Dermatology Associates of Central New York to Pay More than $811,000 for Submitting False Claims to Federal and State Health Care Programs

For Immediate Release
U.S. Attorney's Office, Northern District of New York

ALBANY, NEW YORK – United States Attorney Grant C. Jaquith and New York State Attorney General Barbara D. Underwood announced today that Dermatology Associates of Central New York, PLLC (Dermatology Associates) will pay $811,196.88 to resolve allegations that it violated the federal and New York False Claims Acts by knowingly billing the federal and state governments for medical services at a higher rate than appropriate.

“The integrity and strength of our federal health care system depends on accurate and honest billing for services,” said United States Attorney Jaquith.  “We will continue to use the False Claims Act to hold healthcare providers accountable when they submit inflated claims.”

Dermatology Associates is a medical practice based in Fayetteville, New York.  The practice is owned and operated by a married couple, both of whom are medical doctors, and employs several non-physician practitioners (NPPs), such as physician assistants and nurse practitioners, who render care to Medicare, Medicaid, and TRICARE beneficiaries.

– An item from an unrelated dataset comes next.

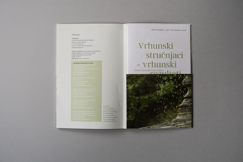 Design Bureau Izvorka Jurić designed promotional materials and a brochure on health tourism in Zagreb and its surroundings for the Zagreb Tourist Board. The brochure has been translated into four languages and presented through trade fair appearances in multiple markets.
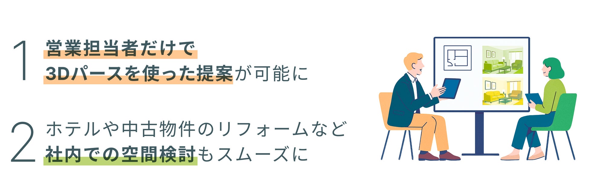 1. 営業担当者だけで3Dパースを使った提案が可能に

In certain circumstances, Medicare and TRICARE allow practices to bill for services furnished by an NPP “incident to” the services that are rendered by a physician.  These services, even though not personally rendered by a physician, may be billed in a physician’s name if several requirements are met.  One such requirement is that a physician directly supervise the NPP rendering the services, meaning that a physician is present in the office suite and immediately available to furnish assistance and direction throughout the procedure.  Although Medicare and TRICARE will reimburse practices for certain procedures rendered by NPPs without a physician’s direct supervision, such services are reimbursed at a lesser rate than service rendered or directly supervised by a physician.

The New York State Medicaid Program (Medicaid) does not allow for incident-to billing.  In order for an NPP to receive reimbursement for services provided to a Medicaid eligible client, an NPP is required to be enrolled as a Medicaid provider with the New York State Department of Health.

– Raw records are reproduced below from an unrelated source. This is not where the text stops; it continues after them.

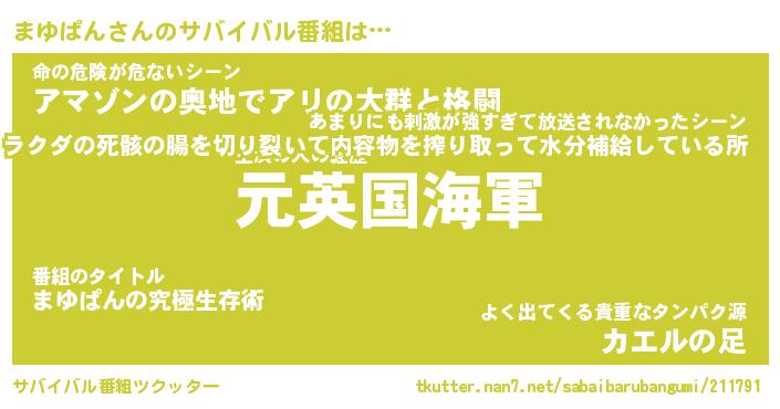 | 伝説のあだ名 | 『伝説のスナイパーまゆぱん』 |
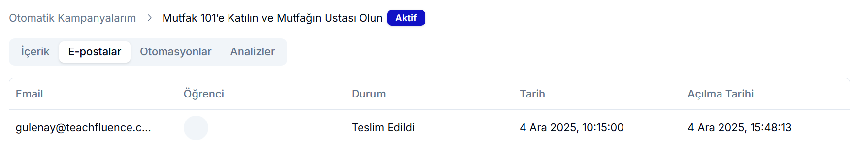 Bu sekmede, otomatik kampanyanızın gönderim durumlarını inceleyebilirsiniz. Gönderilen e-postaların listesinde alıcı e-posta adresi, öğrenci bilgisi, gönderim durumu, gönderim tarihi ve varsa açılma tarihi yer alır.
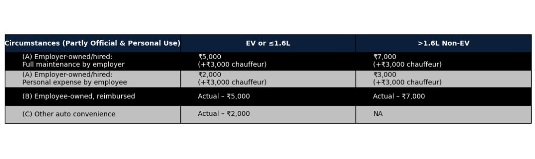 For instance, where a car is used for both official and personal purposes, the perquisite value for EVs is capped at ₹5,000 per month (plus ₹3,000 if a chauffeur is provided) when maintenance is borne by the employer. This is lower compared to higher-capacity vehicles, which attract a higher taxable value.
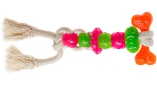 Игрушка состоит из двух частей: красочные элементы и канат из хлопка. Игрушка-канат с элементами для поддержания здоровья зубов и десен собак.
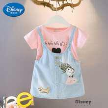 迪士尼 宝宝牛仔背带裤2021新款夏装公主裙女孩子可爱连衣裙婴幼儿短裙子 粉色 小女孩背带裙 73cm

From March 2009 through February 2015, Dermatology Associates generally operated six days a week for several hours each day, but a physician was physically present in the office suite on a more limited basis.  Dermatology Associates caused its billing company to submit thousands of claims for payment to Medicare, Medicaid, and TRICARE for services that were rendered by NPPs but improperly identified one of Dermatology Associates’ physician owners as the rendering or supervising provider on days when no physician was in the office.  Dermatology Associates, which cooperated during the investigation, admitted that the practice caused its billing company to submit claims for services rendered by NPPs as though such services had been provided or supervised by a physician on more than 200 days that the physicians were traveling outside of New York State.  Dermatology Associates further acknowledged that some of the NPPs who treated Medicaid clients during this period were not credentialed to do so in New York and, in such circumstances, the uncredentialed providers were billed in a physician’s name.

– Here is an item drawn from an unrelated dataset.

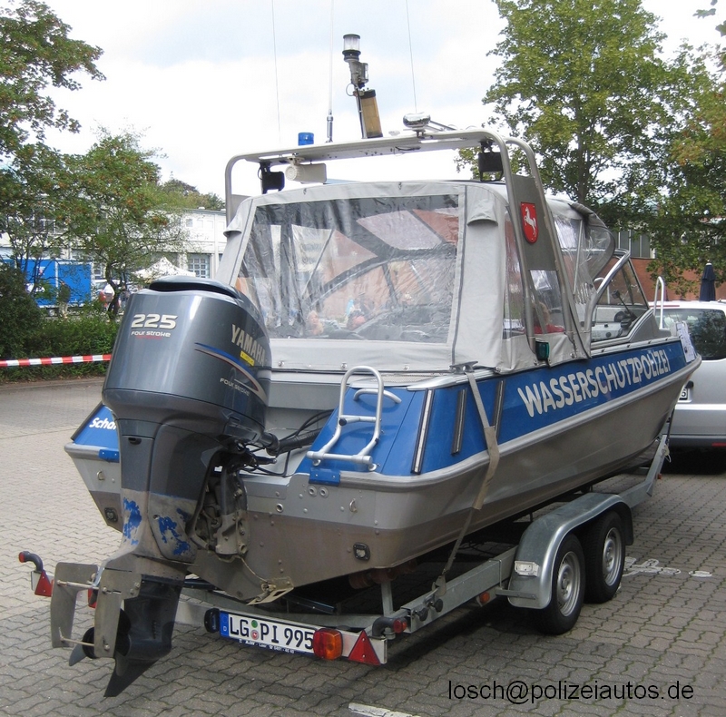 | Beschreibung: | Streifenboot 30 "Scharnebeck" der Wasserschutzpolizei Niedersachsen. Einsatzgebiete: Oberelbe, Elbe-Seitenkanal, Ilmenau. Baugleich dem Boot W34 "Nienburg", hier jedoch mit geschlossenem Verdeck. Es ersetzt das alte Streifenboot 30 |
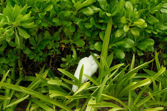 White cattle egret bird with yellow beak hiding in the bushes during rain

“The irresponsible behavior by Dermatology Associates compromised the integrity of the Medicare, Medicaid, and TRICARE programs, and wasted taxpayer dollars,” said Special Agent in Charge Scott J. Lampert of the U.S. Department of Health and Human Services, Office of Inspector General’s New York Region (HHS-OIG).  “Along with our law enforcement partners, HHS-OIG will continue to ensure that providers that do business with federally funded health care programs do so in an honest fashion.”

“The civil settlement announced today is the direct result of a joint investigative effort,” stated Leigh-Alistair Barzey, Special Agent-in-Charge of the Defense Criminal Investigative Service (DCIS) Northeast Field Office.  “DCIS will continue to work with the U.S. Attorney’s Office for the Northern District of New York, HHS-OIG, the New York State Attorney General’s Office and its other law enforcement partners, to ensure that TRICARE, the Defense Department’s healthcare system for military members, retirees and their dependents, is protected.”

This investigation was triggered by a whistleblower lawsuit filed under the qui tam provisions of the federal and New York False Claims Acts, which allow private persons, known as “relators,” to file civil actions on behalf of the government and share in any recovery.  The relator in this case will receive $138,000 of the settlement proceeds.  The case is docketed with the U.S. District Court for the Northern District of New York under number 5:15-cv-315.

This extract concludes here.